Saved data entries
::::

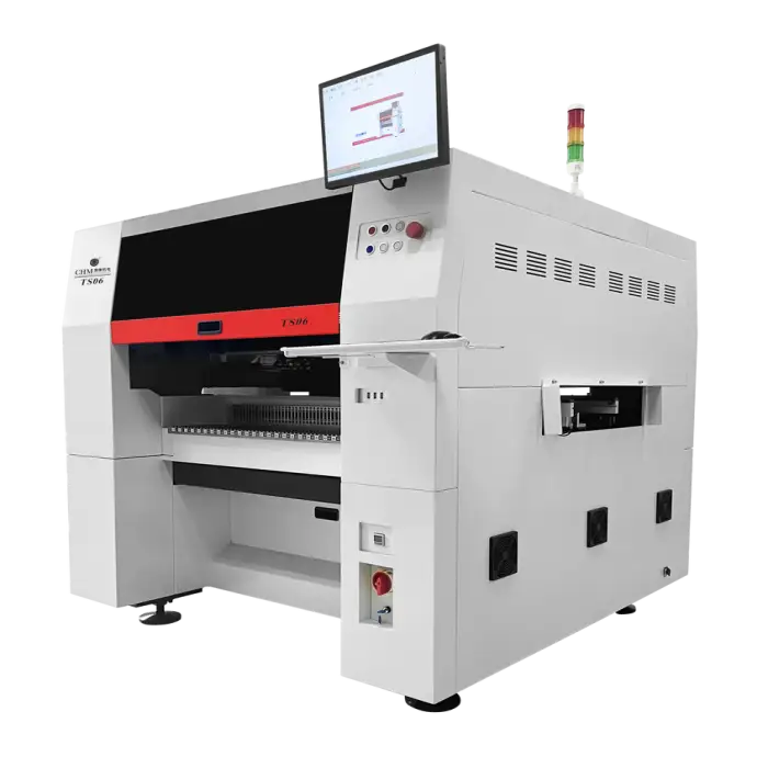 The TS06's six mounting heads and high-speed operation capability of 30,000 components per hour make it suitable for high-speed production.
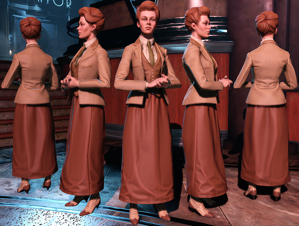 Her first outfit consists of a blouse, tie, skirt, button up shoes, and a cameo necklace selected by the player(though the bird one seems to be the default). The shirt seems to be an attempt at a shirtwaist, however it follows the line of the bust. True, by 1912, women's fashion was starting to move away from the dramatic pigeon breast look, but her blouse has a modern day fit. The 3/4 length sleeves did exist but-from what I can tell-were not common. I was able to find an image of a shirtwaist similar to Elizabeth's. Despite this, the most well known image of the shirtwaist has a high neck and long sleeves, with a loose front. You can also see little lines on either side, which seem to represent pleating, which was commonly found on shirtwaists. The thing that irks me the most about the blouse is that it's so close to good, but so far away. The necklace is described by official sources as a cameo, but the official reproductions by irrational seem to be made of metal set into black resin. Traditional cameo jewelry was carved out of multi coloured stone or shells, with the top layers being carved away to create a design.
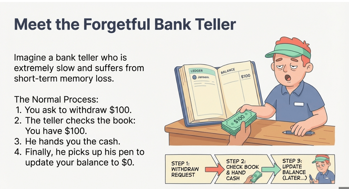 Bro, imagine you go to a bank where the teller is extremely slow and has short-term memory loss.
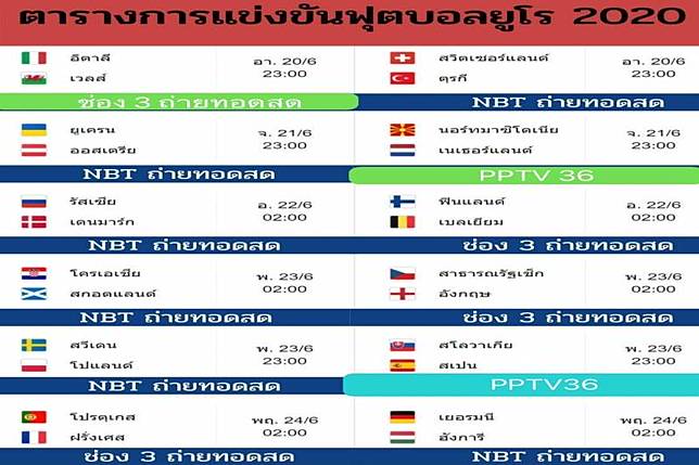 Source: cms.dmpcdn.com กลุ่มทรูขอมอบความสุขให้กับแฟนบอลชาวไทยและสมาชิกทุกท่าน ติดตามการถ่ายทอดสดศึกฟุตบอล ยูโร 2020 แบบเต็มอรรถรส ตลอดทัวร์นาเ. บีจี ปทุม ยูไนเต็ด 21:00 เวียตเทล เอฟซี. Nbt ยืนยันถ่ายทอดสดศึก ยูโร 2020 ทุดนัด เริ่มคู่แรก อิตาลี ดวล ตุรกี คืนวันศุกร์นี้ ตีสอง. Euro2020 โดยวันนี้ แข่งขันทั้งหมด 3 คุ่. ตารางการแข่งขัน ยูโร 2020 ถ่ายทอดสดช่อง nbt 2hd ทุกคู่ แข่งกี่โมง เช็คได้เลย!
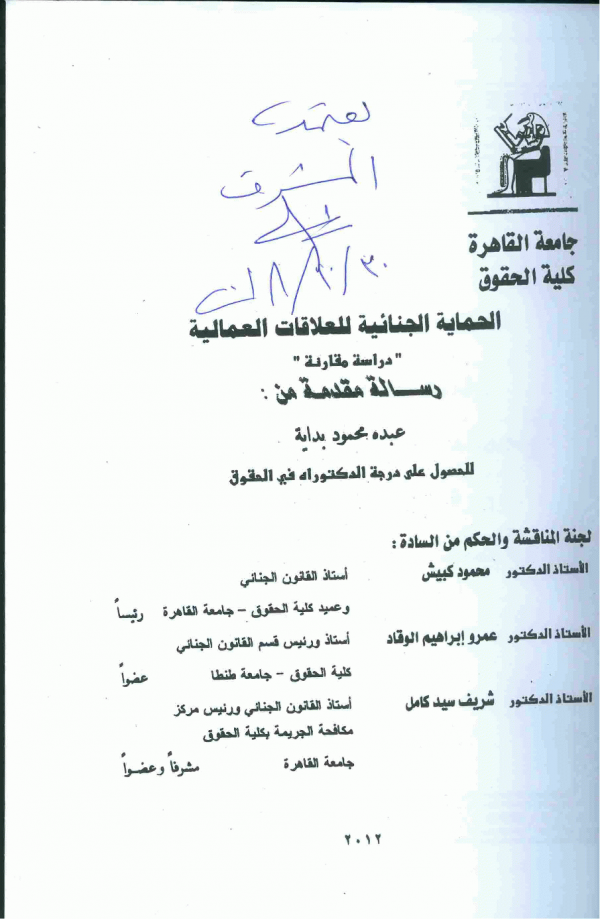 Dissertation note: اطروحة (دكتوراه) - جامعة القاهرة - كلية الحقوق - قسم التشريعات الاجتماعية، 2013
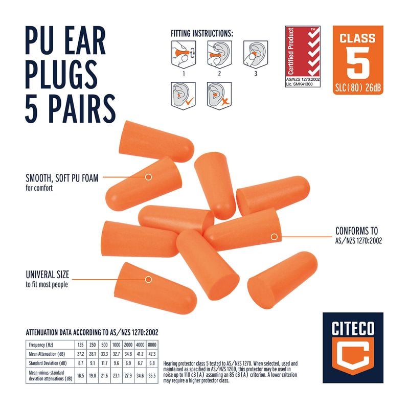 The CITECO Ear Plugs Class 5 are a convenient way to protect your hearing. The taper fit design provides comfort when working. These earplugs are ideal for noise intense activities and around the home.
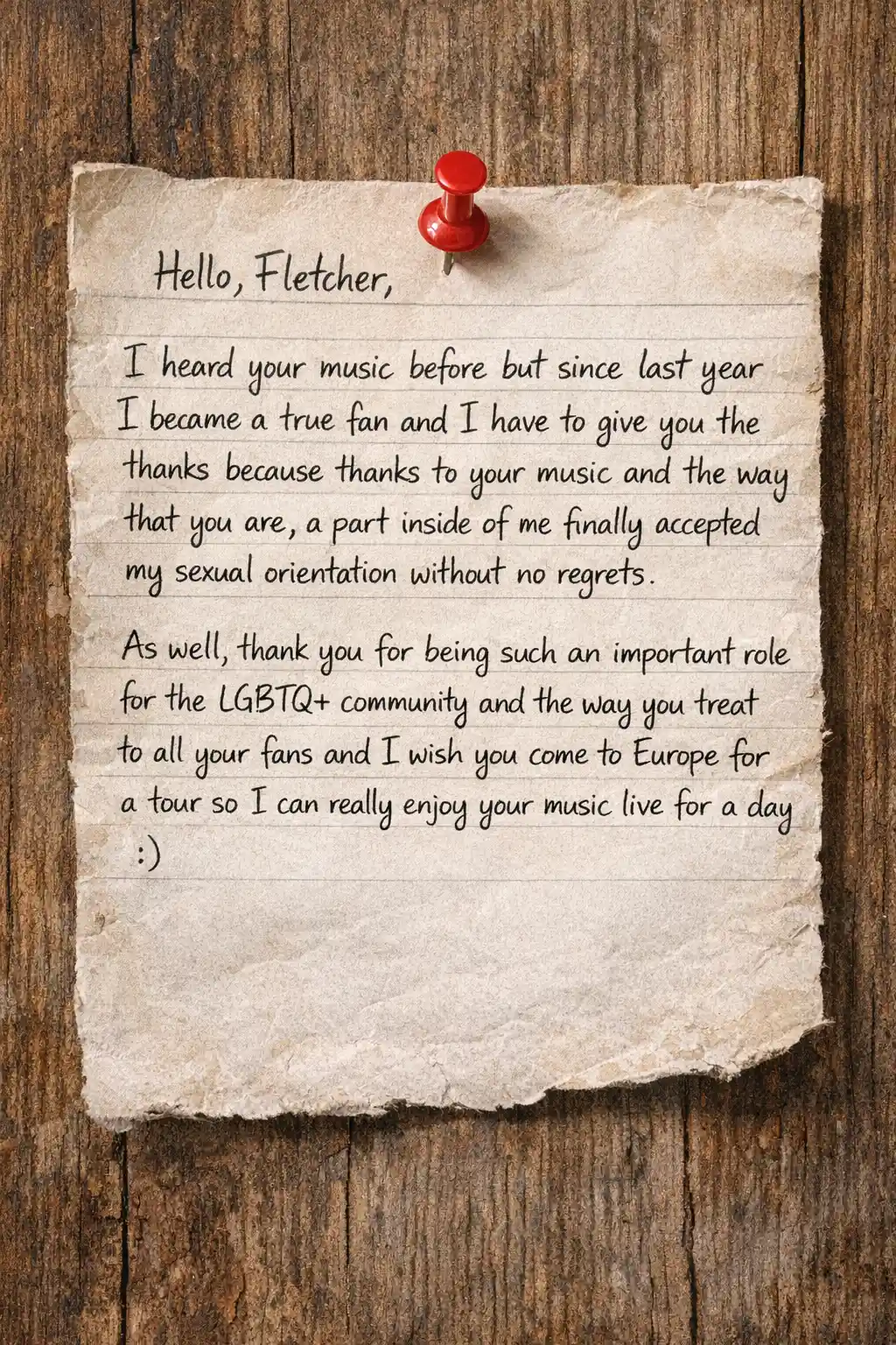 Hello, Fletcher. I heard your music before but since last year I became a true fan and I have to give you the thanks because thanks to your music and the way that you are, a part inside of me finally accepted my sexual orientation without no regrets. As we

::::

> EXERCISE OBJECTIVE
Using the entries above, reproduce word for word only the lines from the one that contains "ทุกคู่ แข่งกี่โมง เช็คได้เลย!" to the one that contains "Dissertation note: اطروحة", both ends included, and drop every picture.

> ANSWER FOR THE TASK
 Source: cms.dmpcdn.com กลุ่มทรูขอมอบความสุขให้กับแฟนบอลชาวไทยและสมาชิกทุกท่าน ติดตามการถ่ายทอดสดศึกฟุตบอล ยูโร 2020 แบบเต็มอรรถรส ตลอดทัวร์นาเ. บีจี ปทุม ยูไนเต็ด 21:00 เวียตเทล เอฟซี. Nbt ยืนยันถ่ายทอดสดศึก ยูโร 2020 ทุดนัด เริ่มคู่แรก อิตาลี ดวล ตุรกี คืนวันศุกร์นี้ ตีสอง. Euro2020 โดยวันนี้ แข่งขันทั้งหมด 3 คุ่. ตารางการแข่งขัน ยูโร 2020 ถ่ายทอดสดช่อง nbt 2hd ทุกคู่ แข่งกี่โมง เช็คได้เลย!
 Dissertation note: اطروحة (دكتوراه) - جامعة القاهرة - كلية الحقوق - قسم التشريعات الاجتماعية، 2013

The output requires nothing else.